Dataset entries:

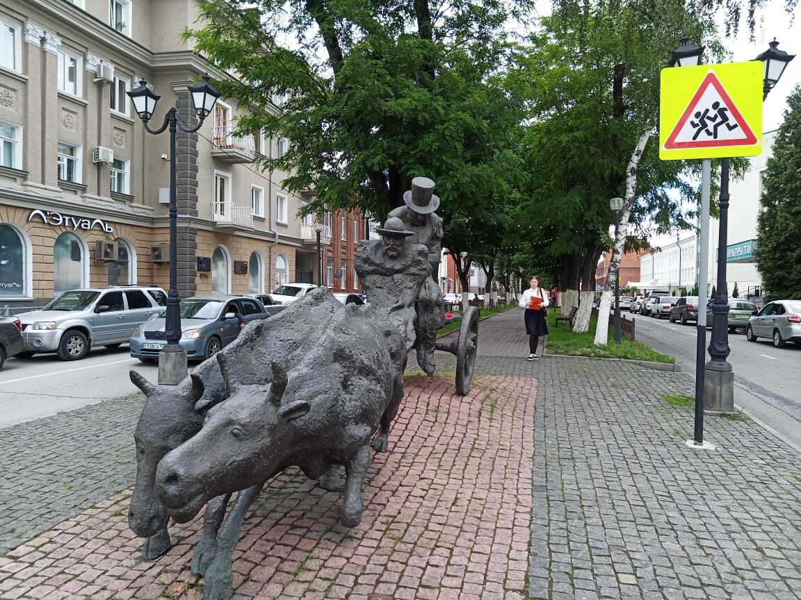 традиционно привлекает внимание туристов и мрачная скульптура Пушкина, въезжающего во Владикавказ:
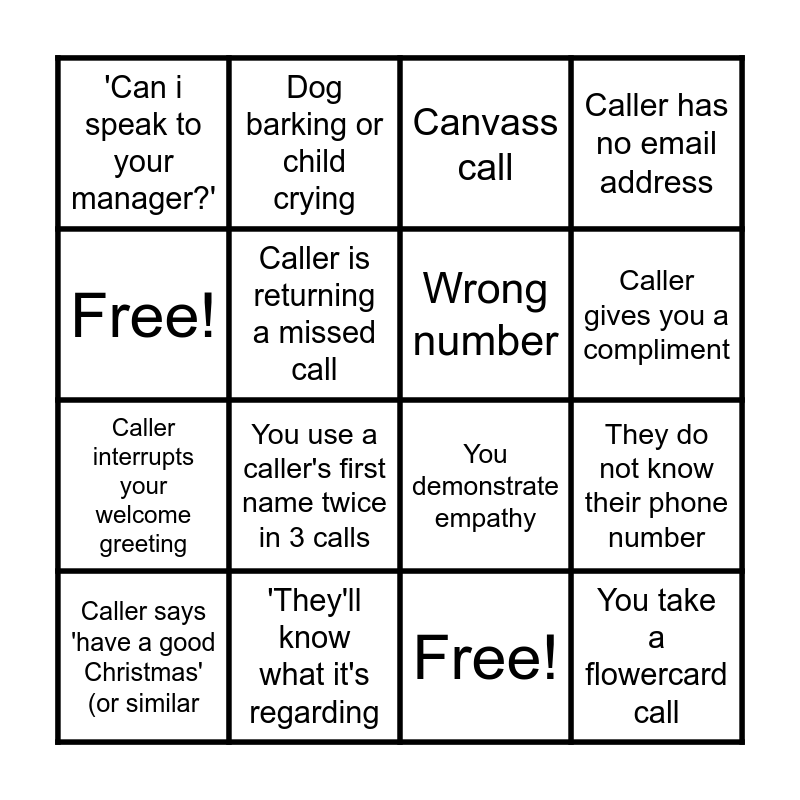This bingo card has 16 words: 'They'll know what it's regarding, They do not know their phone number, Canvass call, 'Can i speak to your manager?', Caller interrupts your welcome greeting, Dog barking or child crying, You demonstrate empathy, Free!, Free!, Caller is returning a missed call, Caller says 'have a good Christmas' (or similar, Caller has no email address, You use a caller's first name twice in 3 calls, Caller gives you a compliment, Wrong number and You take a flowercard call.
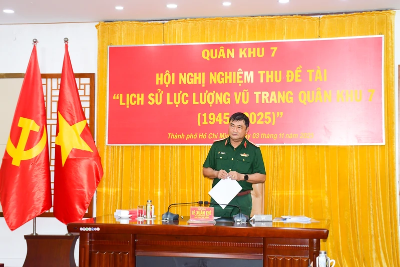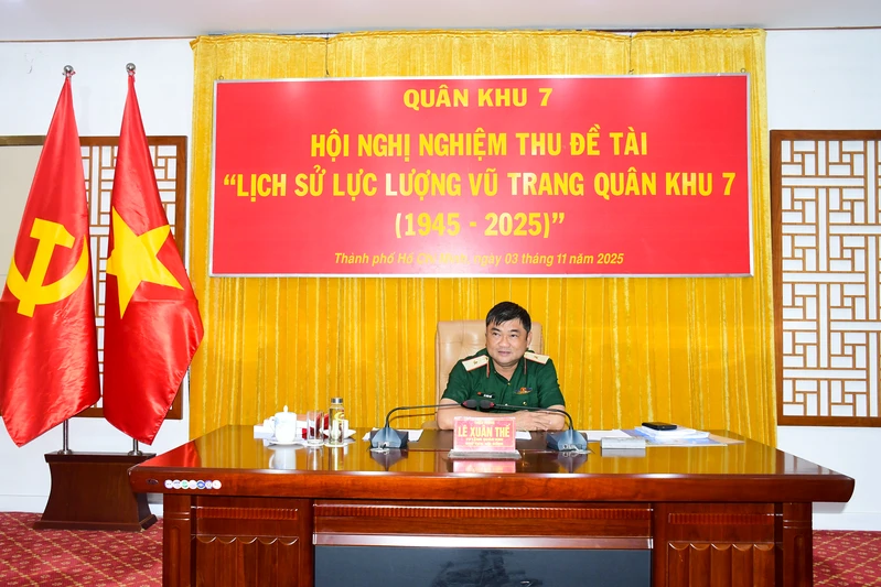 (QK7 Online) - Chiều ngày 3/11, Quân khu 7 tổ chức hội nghị nghiệm thu đề tài “Lịch sử LLVT Quân khu 7 (1945 - 2025)”, Thiếu tướng Lê Xuân Thế, Tư lệnh Quân khu, Chủ tịch Hội đồng chủ trì hội nghị. Dự hội nghị có Thiếu tướng Trần Chí Tâm, Phó Chính ủy Quân khu; Đại tá Nguyễn Tấn Linh, Phó Tư lệnh Quân khu; thủ trưởng các cơ quan Quân khu; đại diện Viện Chiến lược - Lịch sử Quốc phòng Việt Nam; các nhà khoa học, thành viên Hội đồng.
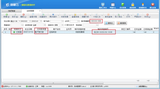 然后,選中此已結銷的客戶預付款記錄,在工具欄點擊“查看結銷”—》“查看結算單”,打開此客戶預付款的結銷記錄,更多操作下將此客戶預付款結銷記錄先紅沖后刪除,此時單據編號為“SKJSD-20231031-0008”的收款結算單即可反審修改成功,如下圖所示。
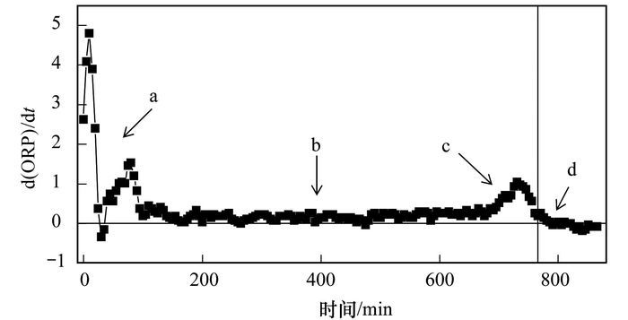 由圖 7可以看出, ORP的一階導(dǎo)數(shù)曲線在周期內(nèi)出現(xiàn)了4個(gè)特征點(diǎn):第一凸點(diǎn)(a)、連續(xù)為正值點(diǎn)(b)、第二凸點(diǎn)(c)和正值變負(fù)值點(diǎn)(d).這4個(gè)點(diǎn)分別對(duì)應(yīng)有機(jī)物降解階段、CANON反應(yīng)階段、氨氮基本被去除和氨氮被完全去除階段.忽略系統(tǒng)誤差, ORP的一階導(dǎo)數(shù)曲線出現(xiàn)一次導(dǎo)數(shù)為零的情況, 當(dāng)導(dǎo)數(shù)為零時(shí), 預(yù)示系統(tǒng)內(nèi)氨氮已經(jīng)被完全去除.

EXERCISE OBJECTIVE: Set down the entries word for word, omitting all pictures.

EXERCISE SOLUTION:
 традиционно привлекает внимание туристов и мрачная скульптура Пушкина, въезжающего во Владикавказ:
This bingo card has 16 words: 'They'll know what it's regarding, They do not know their phone number, Canvass call, 'Can i speak to your manager?', Caller interrupts your welcome greeting, Dog barking or child crying, You demonstrate empathy, Free!, Free!, Caller is returning a missed call, Caller says 'have a good Christmas' (or similar, Caller has no email address, You use a caller's first name twice in 3 calls, Caller gives you a compliment, Wrong number and You take a flowercard call.
 (QK7 Online) - Chiều ngày 3/11, Quân khu 7 tổ chức hội nghị nghiệm thu đề tài “Lịch sử LLVT Quân khu 7 (1945 - 2025)”, Thiếu tướng Lê Xuân Thế, Tư lệnh Quân khu, Chủ tịch Hội đồng chủ trì hội nghị. Dự hội nghị có Thiếu tướng Trần Chí Tâm, Phó Chính ủy Quân khu; Đại tá Nguyễn Tấn Linh, Phó Tư lệnh Quân khu; thủ trưởng các cơ quan Quân khu; đại diện Viện Chiến lược - Lịch sử Quốc phòng Việt Nam; các nhà khoa học, thành viên Hội đồng.
 然后,選中此已結銷的客戶預付款記錄,在工具欄點擊“查看結銷”—》“查看結算單”,打開此客戶預付款的結銷記錄,更多操作下將此客戶預付款結銷記錄先紅沖后刪除,此時單據編號為“SKJSD-20231031-0008”的收款結算單即可反審修改成功,如下圖所示。
 由圖 7可以看出, ORP的一階導(dǎo)數(shù)曲線在周期內(nèi)出現(xiàn)了4個(gè)特征點(diǎn):第一凸點(diǎn)(a)、連續(xù)為正值點(diǎn)(b)、第二凸點(diǎn)(c)和正值變負(fù)值點(diǎn)(d).這4個(gè)點(diǎn)分別對(duì)應(yīng)有機(jī)物降解階段、CANON反應(yīng)階段、氨氮基本被去除和氨氮被完全去除階段.忽略系統(tǒng)誤差, ORP的一階導(dǎo)數(shù)曲線出現(xiàn)一次導(dǎo)數(shù)為零的情況, 當(dāng)導(dǎo)數(shù)為零時(shí), 預(yù)示系統(tǒng)內(nèi)氨氮已經(jīng)被完全去除.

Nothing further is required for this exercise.